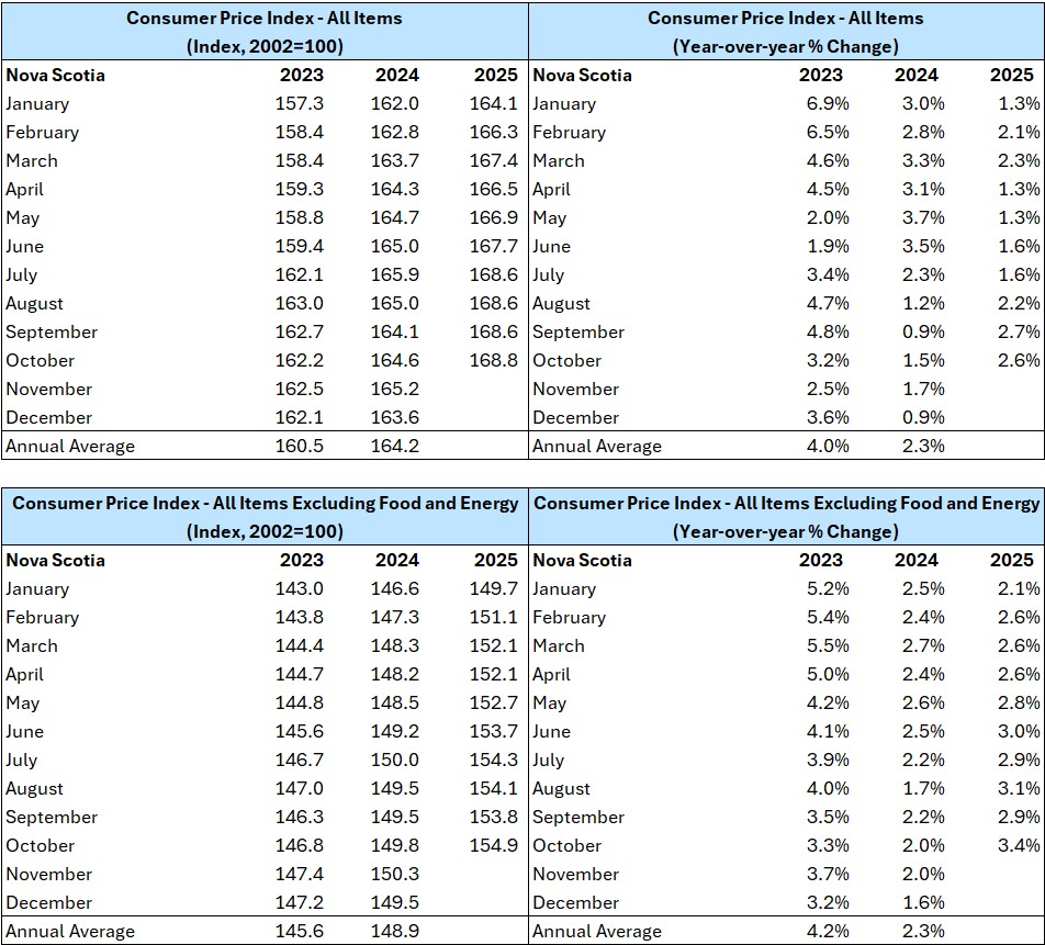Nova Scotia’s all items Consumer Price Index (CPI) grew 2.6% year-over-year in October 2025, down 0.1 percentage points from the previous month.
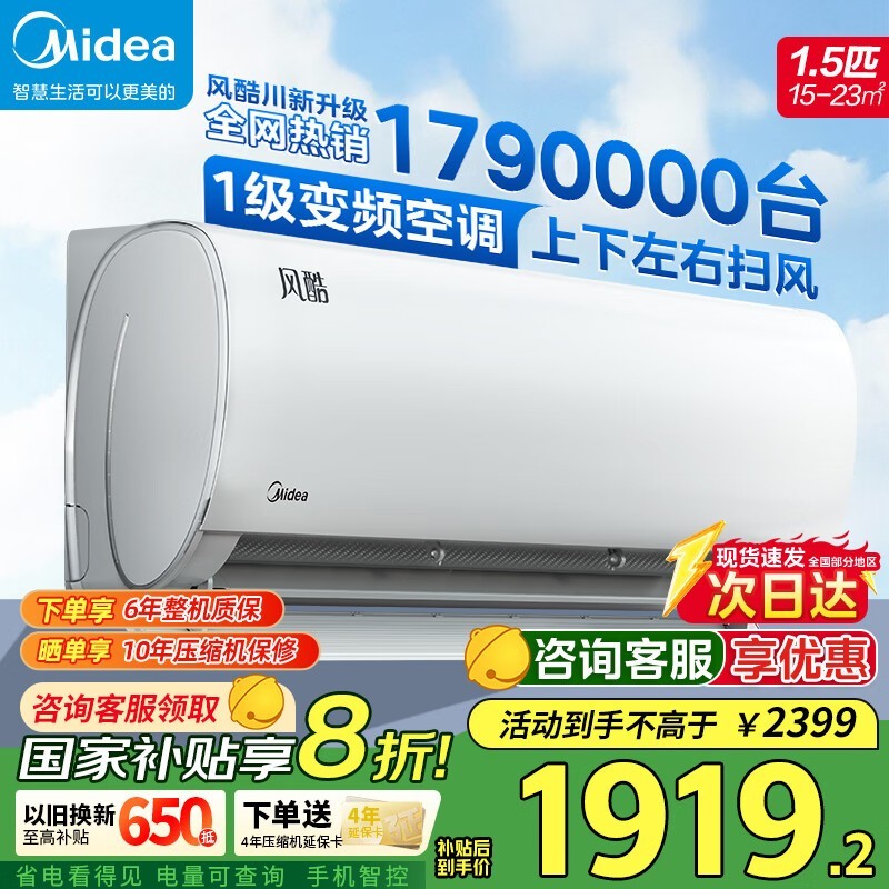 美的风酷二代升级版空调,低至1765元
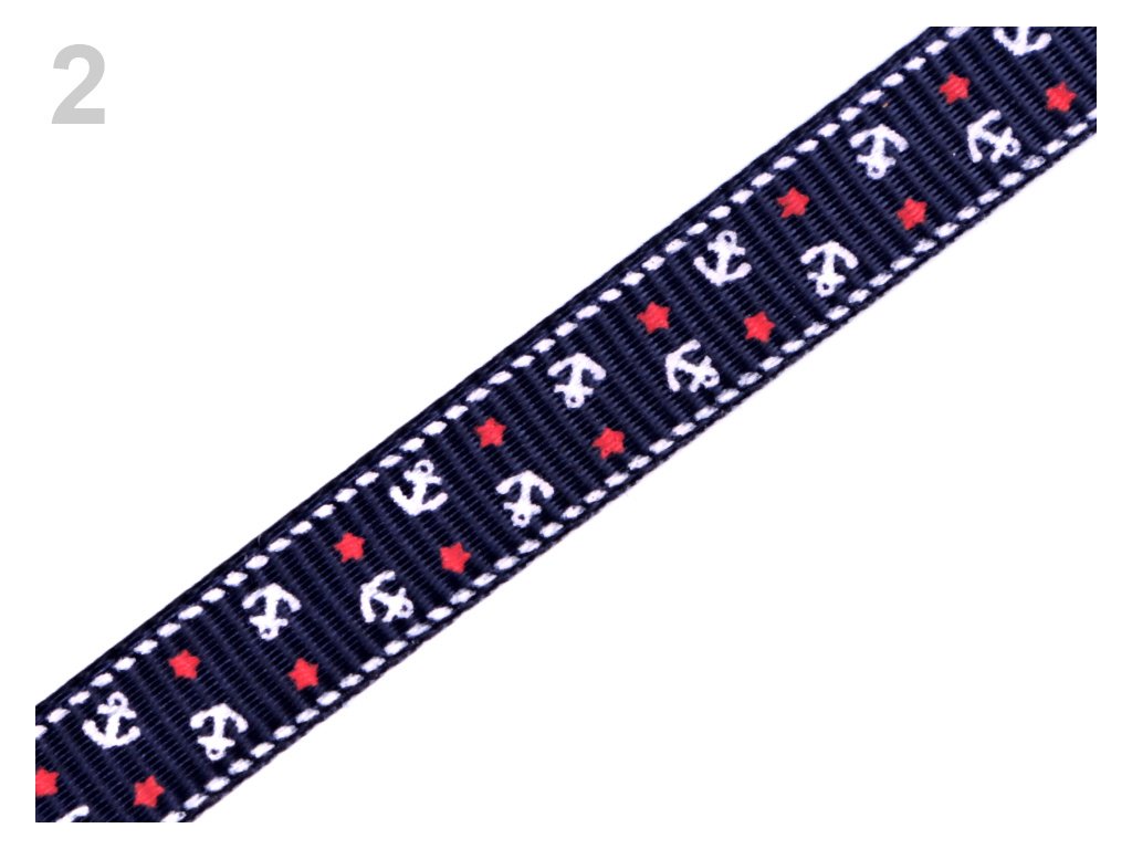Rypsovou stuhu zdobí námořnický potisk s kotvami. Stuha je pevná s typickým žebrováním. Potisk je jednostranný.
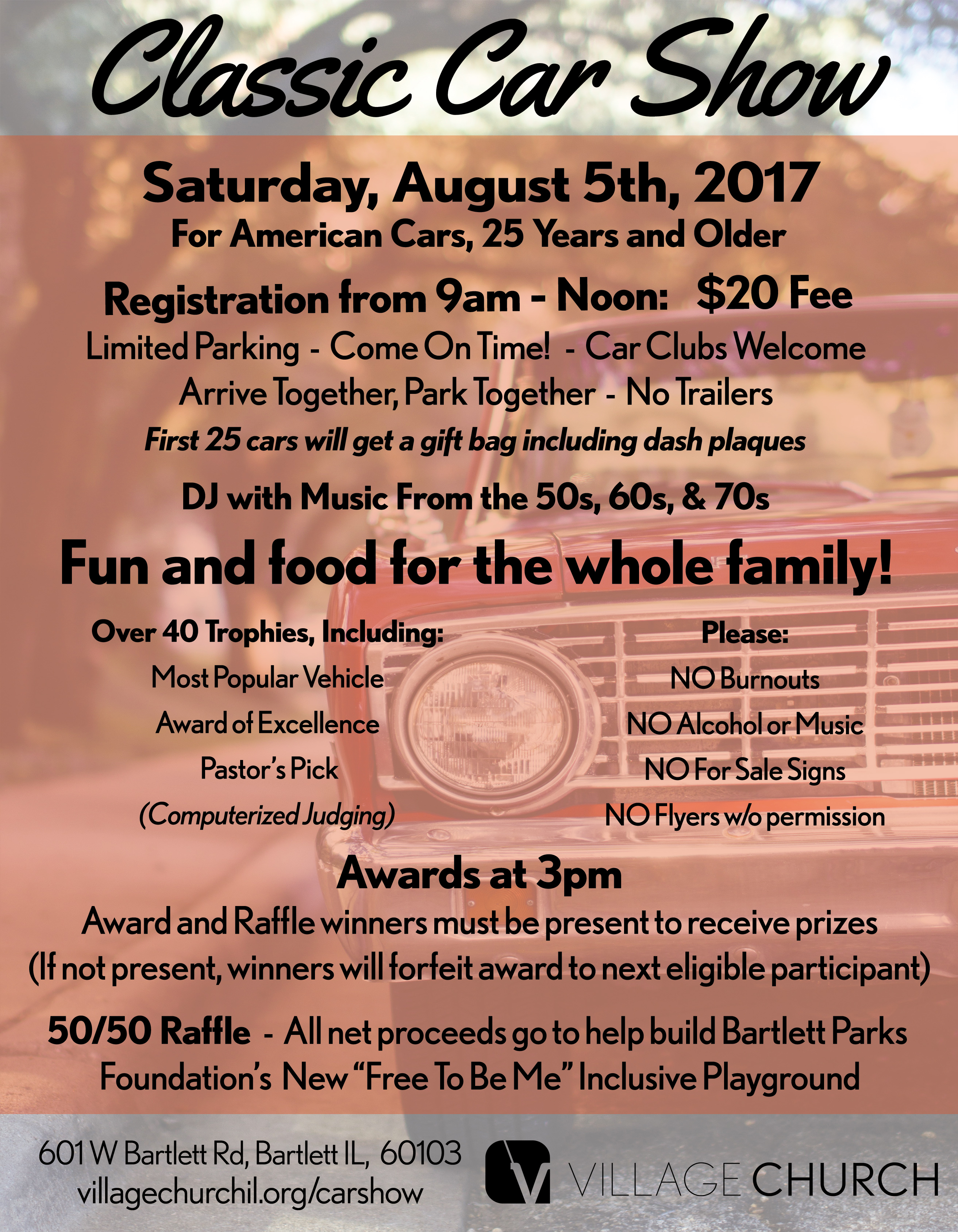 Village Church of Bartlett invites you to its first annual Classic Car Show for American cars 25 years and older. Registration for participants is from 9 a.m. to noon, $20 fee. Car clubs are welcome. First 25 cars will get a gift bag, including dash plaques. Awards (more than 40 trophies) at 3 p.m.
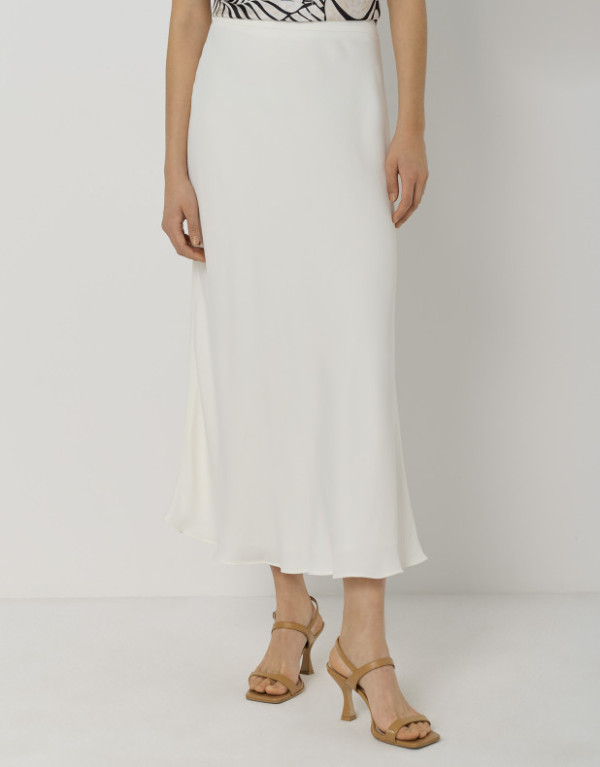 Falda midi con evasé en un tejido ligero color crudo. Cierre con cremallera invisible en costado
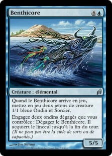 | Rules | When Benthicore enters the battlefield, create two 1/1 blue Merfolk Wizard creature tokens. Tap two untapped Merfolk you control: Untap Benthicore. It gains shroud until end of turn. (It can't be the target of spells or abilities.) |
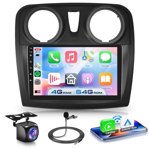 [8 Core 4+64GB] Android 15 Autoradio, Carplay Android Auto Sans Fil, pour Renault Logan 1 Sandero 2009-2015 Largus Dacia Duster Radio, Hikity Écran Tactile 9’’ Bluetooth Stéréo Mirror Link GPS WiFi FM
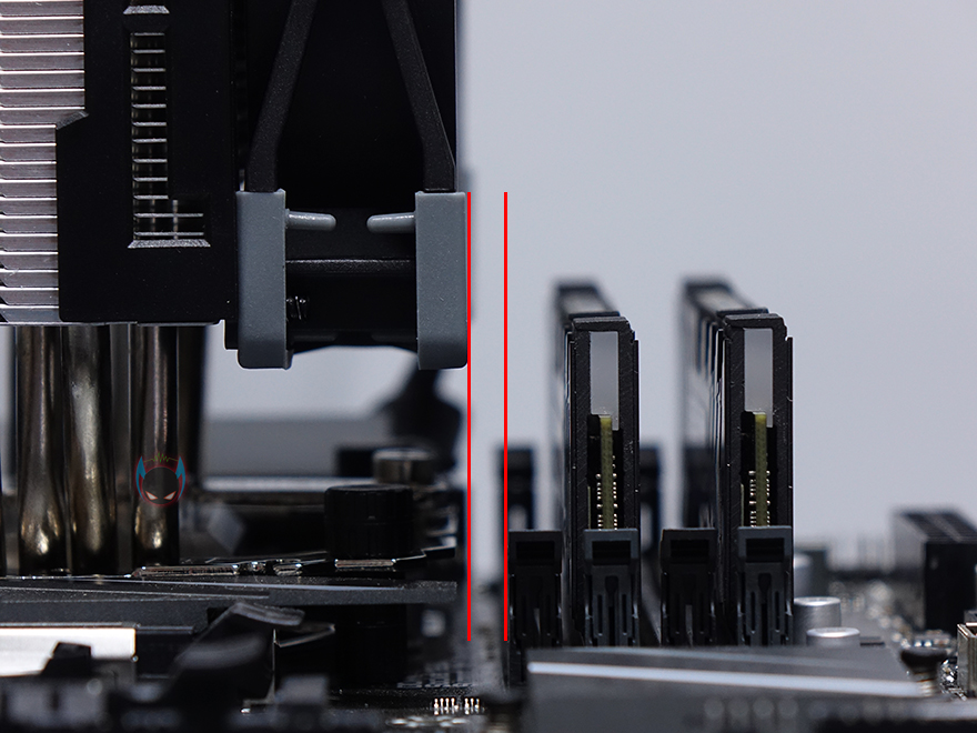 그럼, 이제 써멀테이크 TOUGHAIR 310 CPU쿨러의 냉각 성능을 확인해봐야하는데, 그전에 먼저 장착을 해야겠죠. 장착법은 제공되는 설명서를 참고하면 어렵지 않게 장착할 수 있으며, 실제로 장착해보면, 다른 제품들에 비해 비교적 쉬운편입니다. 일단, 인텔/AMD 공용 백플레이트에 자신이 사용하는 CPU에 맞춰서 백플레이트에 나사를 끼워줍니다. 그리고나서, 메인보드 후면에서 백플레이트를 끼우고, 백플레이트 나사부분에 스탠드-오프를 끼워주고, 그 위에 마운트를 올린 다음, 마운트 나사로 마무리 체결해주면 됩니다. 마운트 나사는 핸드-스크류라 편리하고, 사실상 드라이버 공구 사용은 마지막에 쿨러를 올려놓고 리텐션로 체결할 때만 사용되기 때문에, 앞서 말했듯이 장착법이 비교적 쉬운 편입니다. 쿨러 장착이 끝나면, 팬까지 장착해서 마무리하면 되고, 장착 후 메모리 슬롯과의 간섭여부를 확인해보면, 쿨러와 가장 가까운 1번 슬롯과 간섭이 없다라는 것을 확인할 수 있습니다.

◆ **What to work on**:
A faithful reproduction of every entry, with no pictures, is the expected answer.

◆ **Answer box**:
Nova Scotia’s all items Consumer Price Index (CPI) grew 2.6% year-over-year in October 2025, down 0.1 percentage points from the previous month.
 美的风酷二代升级版空调,低至1765元
Rypsovou stuhu zdobí námořnický potisk s kotvami. Stuha je pevná s typickým žebrováním. Potisk je jednostranný.
 Village Church of Bartlett invites you to its first annual Classic Car Show for American cars 25 years and older. Registration for participants is from 9 a.m. to noon, $20 fee. Car clubs are welcome. First 25 cars will get a gift bag, including dash plaques. Awards (more than 40 trophies) at 3 p.m.
 Falda midi con evasé en un tejido ligero color crudo. Cierre con cremallera invisible en costado
 | Rules | When Benthicore enters the battlefield, create two 1/1 blue Merfolk Wizard creature tokens. Tap two untapped Merfolk you control: Untap Benthicore. It gains shroud until end of turn. (It can't be the target of spells or abilities.) |
 [8 Core 4+64GB] Android 15 Autoradio, Carplay Android Auto Sans Fil, pour Renault Logan 1 Sandero 2009-2015 Largus Dacia Duster Radio, Hikity Écran Tactile 9’’ Bluetooth Stéréo Mirror Link GPS WiFi FM
 그럼, 이제 써멀테이크 TOUGHAIR 310 CPU쿨러의 냉각 성능을 확인해봐야하는데, 그전에 먼저 장착을 해야겠죠. 장착법은 제공되는 설명서를 참고하면 어렵지 않게 장착할 수 있으며, 실제로 장착해보면, 다른 제품들에 비해 비교적 쉬운편입니다. 일단, 인텔/AMD 공용 백플레이트에 자신이 사용하는 CPU에 맞춰서 백플레이트에 나사를 끼워줍니다. 그리고나서, 메인보드 후면에서 백플레이트를 끼우고, 백플레이트 나사부분에 스탠드-오프를 끼워주고, 그 위에 마운트를 올린 다음, 마운트 나사로 마무리 체결해주면 됩니다. 마운트 나사는 핸드-스크류라 편리하고, 사실상 드라이버 공구 사용은 마지막에 쿨러를 올려놓고 리텐션로 체결할 때만 사용되기 때문에, 앞서 말했듯이 장착법이 비교적 쉬운 편입니다. 쿨러 장착이 끝나면, 팬까지 장착해서 마무리하면 되고, 장착 후 메모리 슬롯과의 간섭여부를 확인해보면, 쿨러와 가장 가까운 1번 슬롯과 간섭이 없다라는 것을 확인할 수 있습니다.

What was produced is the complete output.